且說林海走後十天,水溶身體痊癒,準備啟程回京,賈敏手書一封,請他帶給北靜王妃趙婧。結親的事是不成了,但水溶畢竟兩次出手相救,還因此負傷,總要把事情給趙婧交代清楚,不然將來再見,趙婧必定怨她瞞著水溶受傷之事。
展眼到了四月底,院試考期漸至,明玉赴場考試,賈敏在家倒不如何擔心,明玉的才學如何她再清楚不過,即使不能像林海那般連中大小三元,榜上有名還是沒有任何問題的。
考試之後,明玉亦不擔心結果如何,看著天氣正好,恰是草長鶯飛仲春時節,便對賈敏提議道:「天兒漸漸暖和了,總在家裡待著,都不知道外頭春光正好,反正我也考完了,不如明天我帶上弟弟妹妹們去郊外放風箏玩罷。」
黛玉一聽十分高興,拍手笑道:「哥哥,我要個美人風箏。」
涵玉也附和著道:「我要個老鷹的!」
菁玉笑道:「母親就答應了吧,在家裡窩了這兩個月,再不出門人都要發霉了。

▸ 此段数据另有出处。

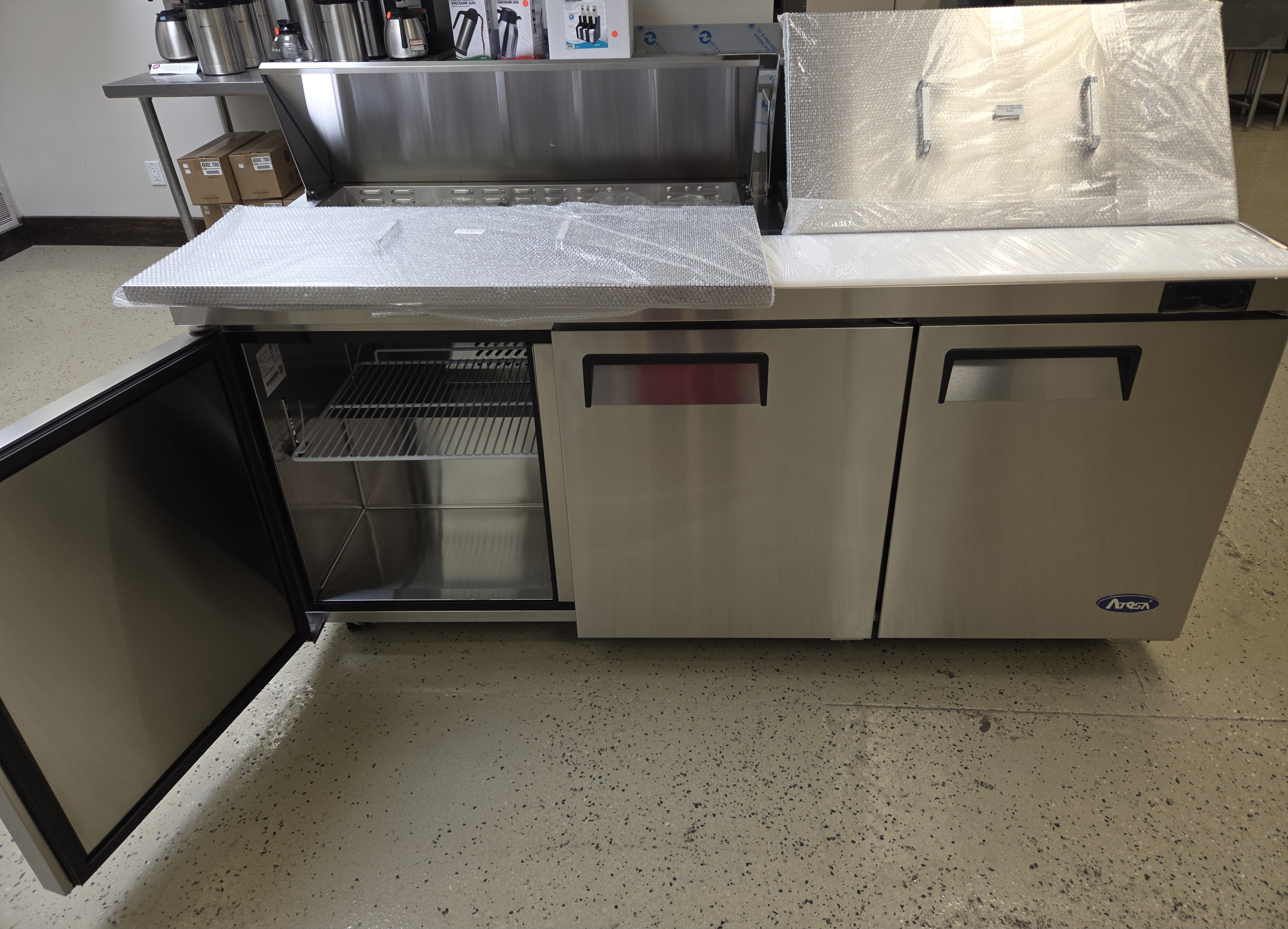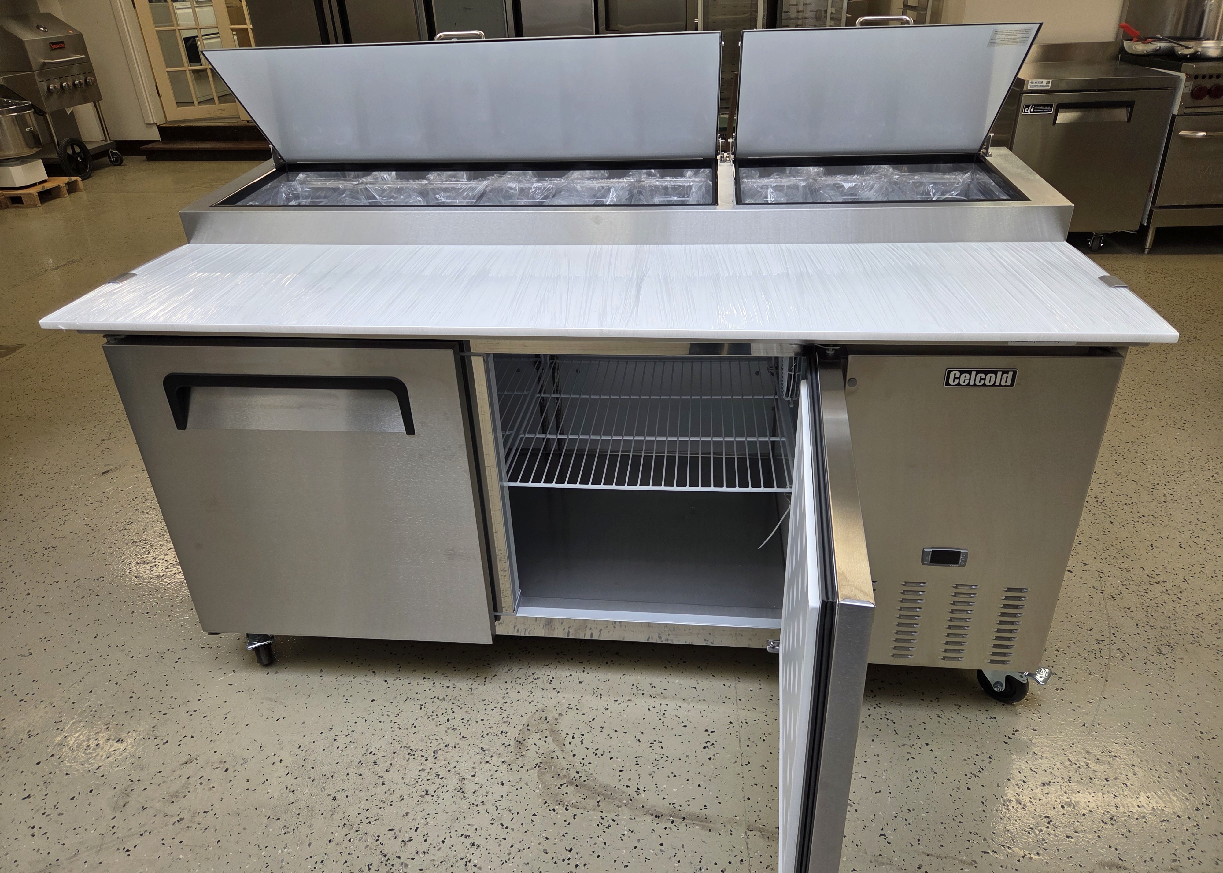 Refrigerated Pizza Prep Table, two-section, 71" W, 34 cu. ft., (12) 1/3 pan capacity, 33°F to 41°F temperature range,

」
黛玉和涵玉一左一右鑽進賈敏懷裡,撲閃著大眼睛可憐兮兮地看向賈敏,黛玉撒嬌道:「母親,我想出去玩。」
賈敏摟著幼子幼女,笑盈盈地道:「都想放風箏?」
除了明玉,其他三個孩子都點了點頭,賈敏笑道:「那還等什麼,快去做風箏,明兒一早咱們就出城去。」
黛玉和涵玉高興不已,拉了哥哥姐姐去書房做風箏,外頭雖有賣風箏的,但花樣太單一,明玉皆看不上,往年都是他給弟弟妹妹們做風箏,然後菁玉妙筆生花在風箏上作畫,這次自然也不例外。
賈敏對去年的夢境仍未敢忘,夢中今年這個時候,涵玉早已夭折,自己也壽命將終,留下黛玉一個人孤苦伶仃去長安投奔外祖母,開始了此後短暫而淒苦的一生,因此她對黛玉和涵玉姐弟倆就格外疼愛了一些,她現在就喜歡看黛玉無憂無慮的樣子。
回到姑蘇第二天去蟠香寺見玄靜師太,玄靜師太所說的話,每一個字都不亞於驚雷,讓賈敏心驚膽顫又暗自慶幸,原來夢中所見,竟然真是自己的另一樣人生。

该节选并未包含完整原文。